Std :: string and encoded Unicode UTF-8

If I understand well, you can use both string and wstring to store UTF-8 text.

  • With char, ASCII characters accept one byte, some Chinese characters accept 3 or 4, etc. This means that str[3] does not necessarily indicate the 4th character.

  • With wchar_t the same, but the minimum number of bytes used for each character is always 2 (instead of 1 for char ), and a character 3 or 4 bytes wide will take 2 wchar_t .

Right?

So what if I want to use string::find_first_of() or string::compare() , etc. with such a strange encoding? Will this work? Does the string class contain the fact that characters are of variable size? Or should I use them only as dummy byte arrays with fewer elements, in which case I would prefer to use the wchar_t[] buffer.

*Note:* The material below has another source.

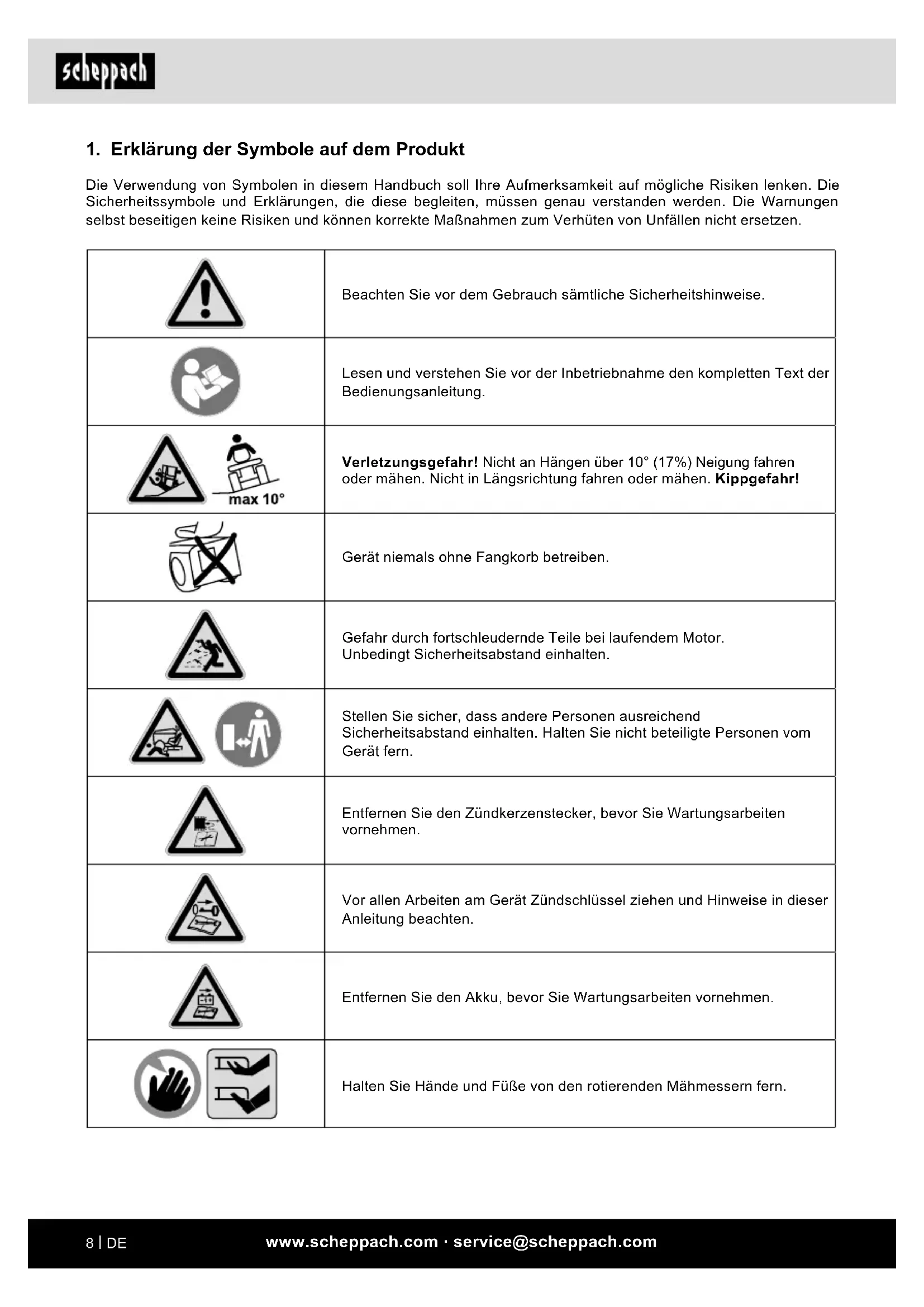Die Verwendung von Symbolen in diesem Handbuch soll Ihre Aufmerksamkeit auf mögliche Risiken lenken. Die Sicherheitssymbole und Erklärungen, die diese begleiten, müssen genau verstanden werden. Die Warnungen selbst beseitigen keine Risiken und können korrekte Maßnahmen zum Verhüten von Unfällen nicht ersetzen. Beachten Sie vor dem Gebrauch sämtliche Sicherheitshinweise. Lesen und verstehen Sie vor der Inbetriebnahme den kompletten Text der Bedienungsanleitung. Verletzungsgefahr! Nicht an Hängen über 10° (17%) Neigung fahren oder mähen. Nicht in Längsrichtung fahren oder mähen. Kippgefahr! Gerät niemals ohne Fangkorb betreiben. Gefahr durch fortschleudernde Teile bei laufendem Motor. Unbedingt Sicherheitsabstand einhalten. Stellen Sie sicher, dass andere Personen ausreichend Sicherheitsabstand einhalten. Halten Sie nicht beteiligte Personen vom Gerät fern. Entfernen Sie den Zündkerzenstecker, bevor Sie Wartungsarbeiten vornehmen. Vor allen Arbeiten am Gerät Zündschlüssel ziehen und Hinweise in dieser Anleitung beachten. Entfernen Sie den Akku, bevor Sie Wartungsarbeiten vornehmen. Halten Sie Hände und Füße von den rotierenden Mähmessern fern.www.scheppach.com · service@scheppach.com

If std::string does not cope with this, the second question is: are there libraries providing string classes that can handle this UTF-8 encoding so that str[3] actually points to the third character (which would be a byte array from length 1 to 4)?

+6
source share
3 answers

You are talking about Unicode. Unicode uses 32 bits to represent a character. However, since this will lose memory, there are more compact encodings. UTF-8 is one such encoding. It is assumed that you use byte units and maps Unicode characters to 1, 2, 3, or 4 bytes. UTF-16 is another one that uses words as units and maps Unicode characters to 1 or 2 words (2 or 4 bytes). You can use both encodings with both string and wchar_t. UTF-8 tends to be more compact for English text / numbers.

Some things will work regardless of the encoding used and type (cf.). However, all functions that must understand one character will be violated. I. The fifth character is not always the fifth line in the base array. It may seem like it works with certain examples, but it will eventually break. string :: compare will work, but don't expect to get an alphabetical order. It depends on the language. string :: find_first_of will work for some, but not for all. Long strings are likely to work just because they are long, and shorter strings can be confused by the alignment of characters and it is very difficult to find errors.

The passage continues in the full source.